The new challenge for the pub landlord

As pubs increasingly try to be all things to all people, new research suggests that it is in carving out a specific niche that the pub landlord best positions for venue on high returns.

The latest research on British market trends from research firm, The Montel group, shows significant disparity between demographics of customers. Older drinkers see a more traditional pub experience, and an increasing millennial customer base are looking for more unconventional features.

Millennials are particularly likely to view pubs as all round leisure experiences and are receptive to new and more unusual forms of entertainment. The difficulty for landlords will be to cater for these open minded pub goers while also meeting the needs of the traditional patrons.

We are seeing a lot of pubs put a new spin on familiar ideas, some have harnessed a sport that has certainly never been traditionally see in  pubs – while others have become known for board games or vintage video games, blurring the line between the pub and the arcade.

One commonality standing out in Mintels latest survey is the paramount importance of good quality food.

The company claims that as many as 87% of respondents, young and old, insist that high quality food is now important to them on their pub visits.

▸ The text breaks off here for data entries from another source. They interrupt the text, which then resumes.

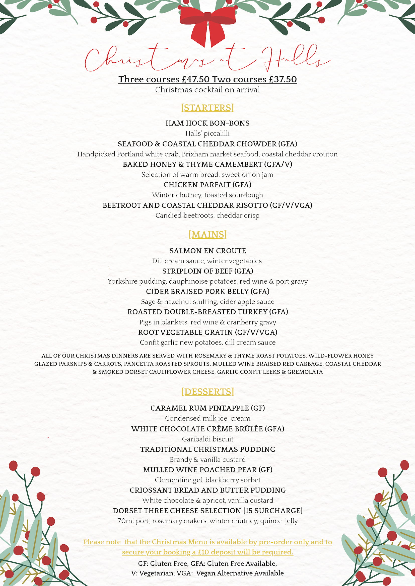 Join us at Halls this Christmas period! Running from 25th November up to Christmas Eve. Includes a Christmas cocktail on arrival.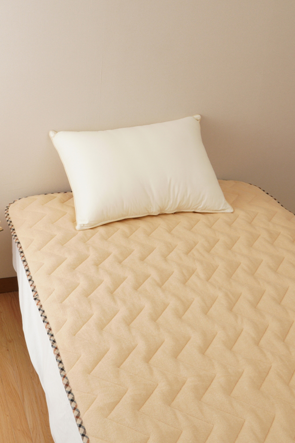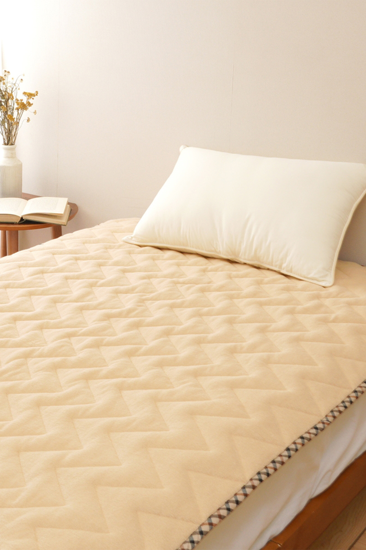 やわらかくふんわりとしたボリュームで、さらっとした感触でオールシーズンお使いいただけます。四隅ゴム付きでずれにくくお洗濯もカンタンです。
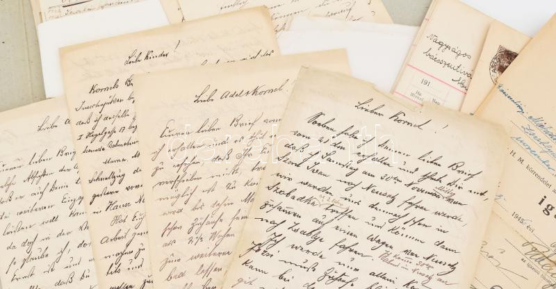 cca 1885-1945 Bácsszentiván(y)i báró Michailovits Kornél, Bács-Bodrog vármegye alispánjának iratanyaga, össz. kb. 35 db, többségében levelek szüleitől német nyelven, néhány elszámolás és számla + 1945 Fia Michailovits György honvéd százados igazolása, utóbbi szakadásokkal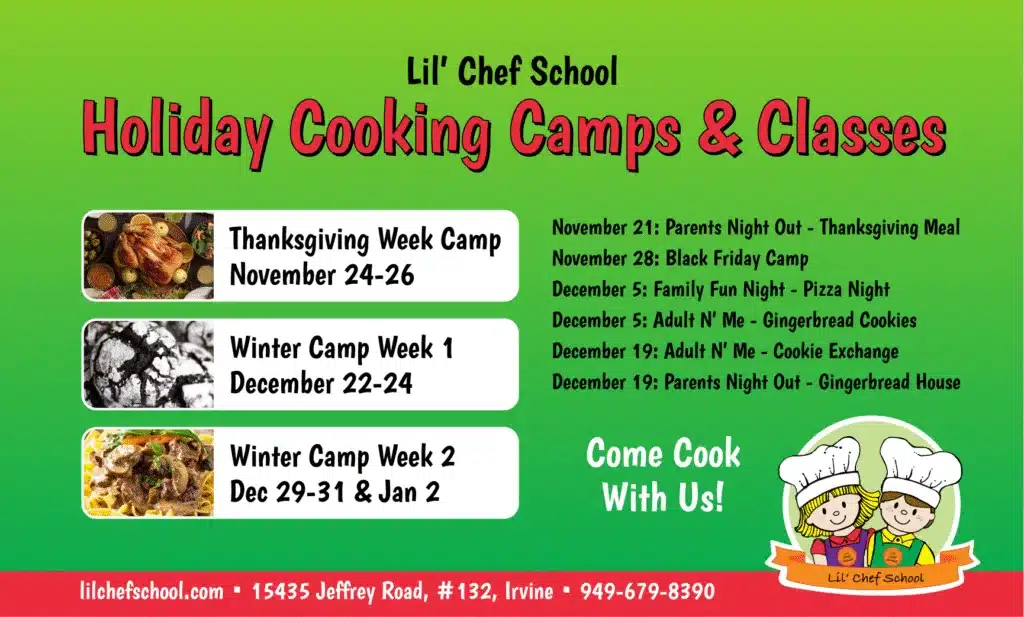 Tiny Chefs, ages 3-5, still need adults by their side as they learn. Lil’ Chef School focuses on hands-on cooking classes that allow an adult to assist their little ones in measuring dry and wet ingredients. Each adult has the choice to cook alongside their child or just assist, depending on their age and capabilities. Today: Bake two different cookies for a cookie exchange to share with the family.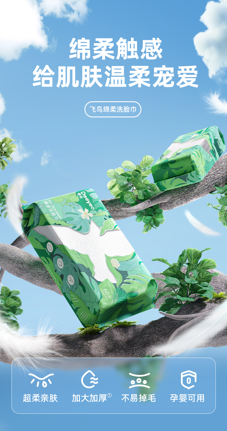 【GX】德佑飞鸟一次性洗脸巾女抽取式加厚干湿两用绵柔巾60抽*3包/6包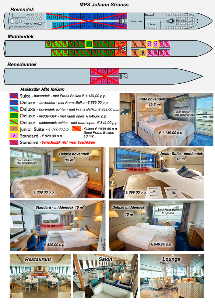 Op het Middendek zijn de Deluxe hutten (15m2 ) en Suites (18m2 ) voorzien van grote panorama ramen welke geopend kunnen worden.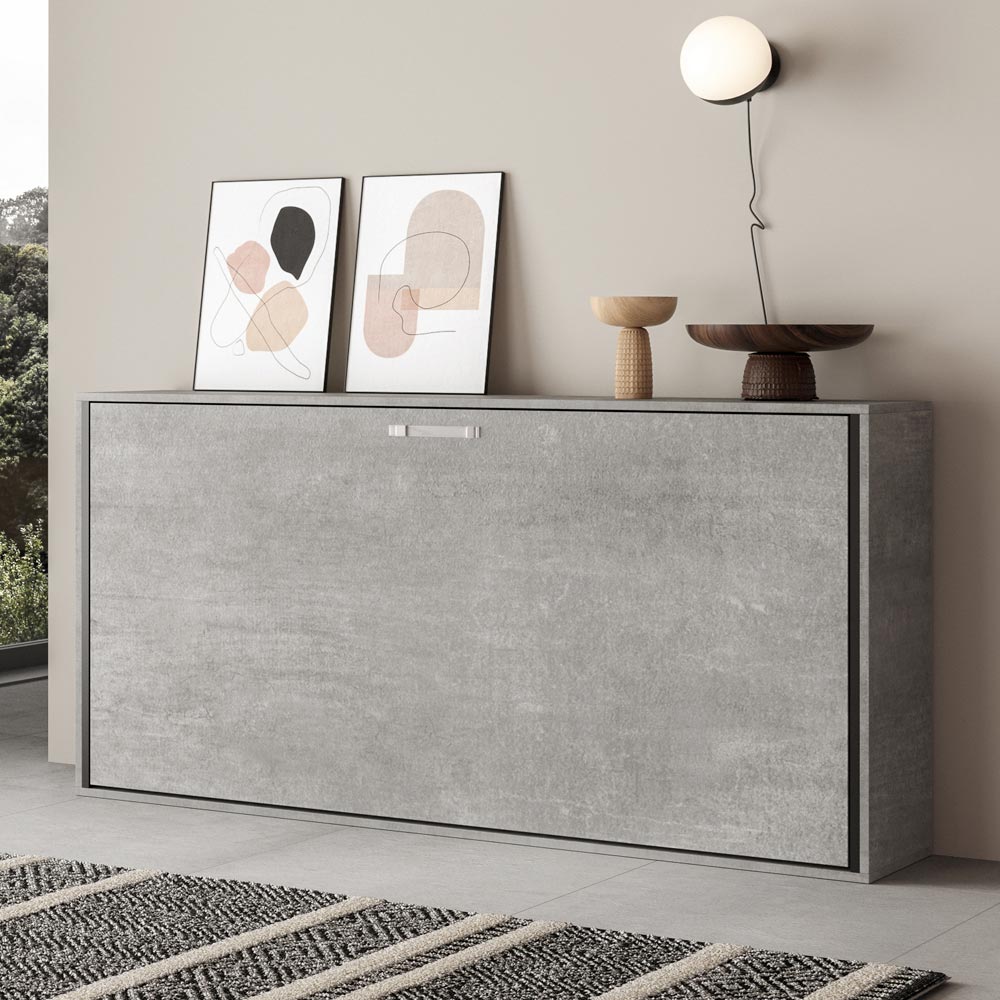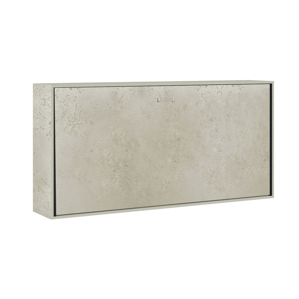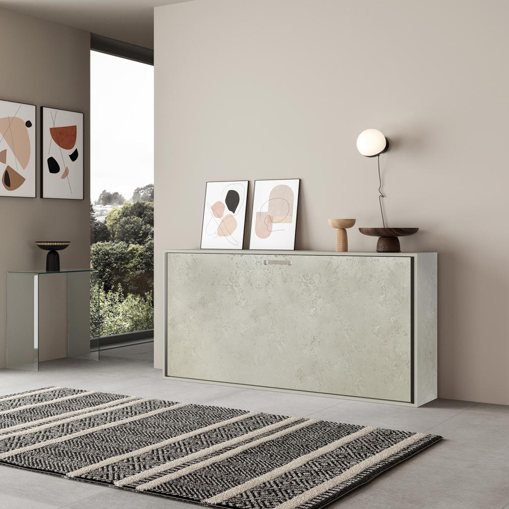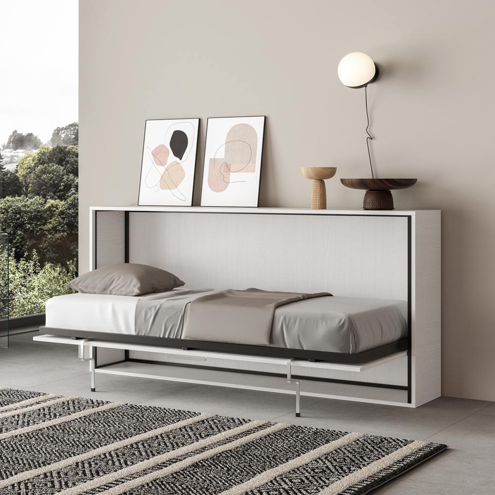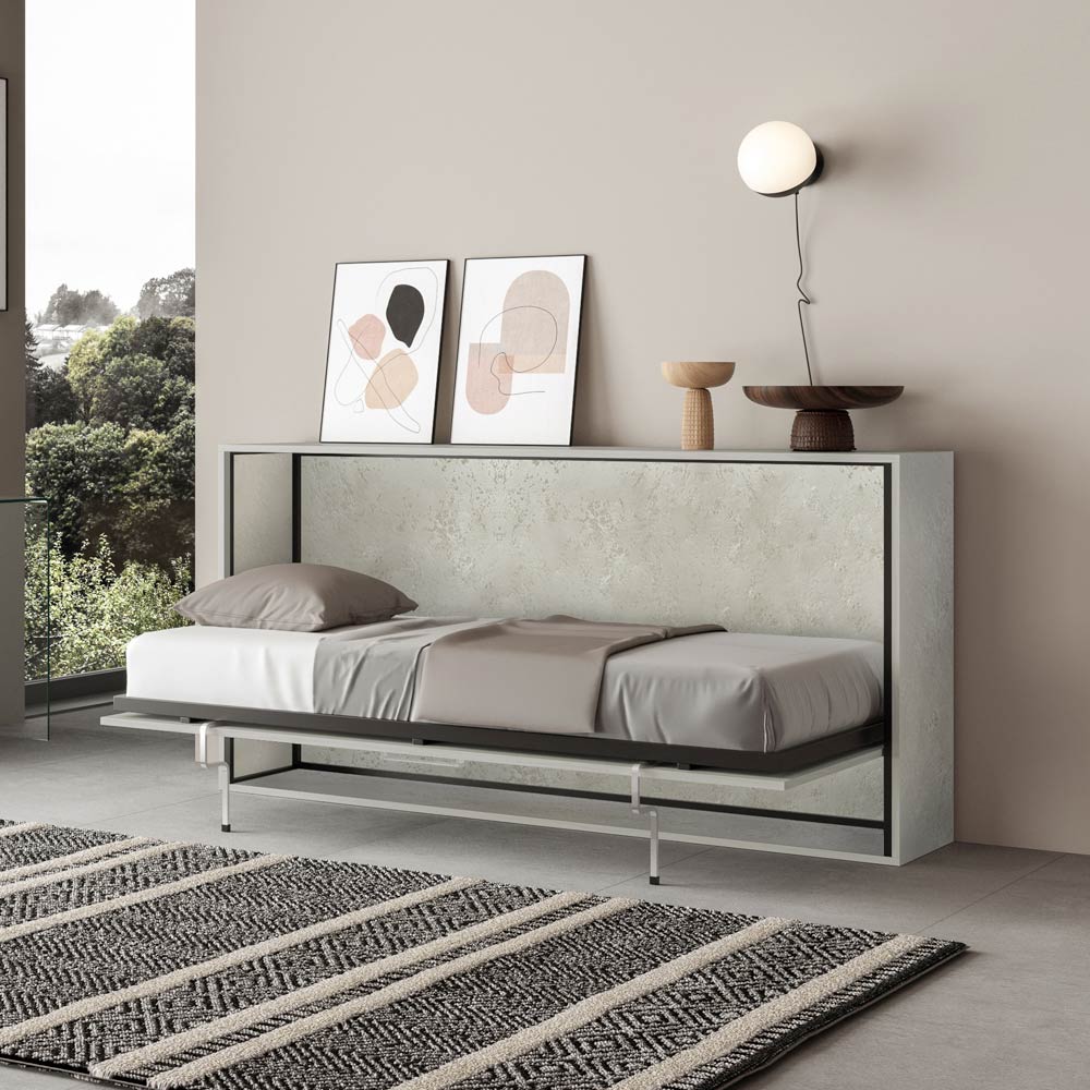 Horizontal foldaway bed made with a structure in 18 mm thick ennobled particle board panels, bed base structure in reinforced iron painted with epoxy powder in embossed aluminium colour.

Further data shows that the key area emerging in the food and beverage cuisine is Vegan.

Whilst TV football has been a mainstay of the pub for decades, choosing a different sport and sticking with it as well as throwing into the mix technological upgrades like projectors and table based ipads, can help create a unique interpretation of brand for any given location.

Some pubs have also tapped into mixed martial arts, American football or wrestling. All nighters showing sports are increasingly popular, and events like Super Bowl can help in drawing in customers who might not usually watch sport in a pub.

To capture the minds and wallets of younger patrons, innovation isn’t just desirable for publicans – it is now a necessity.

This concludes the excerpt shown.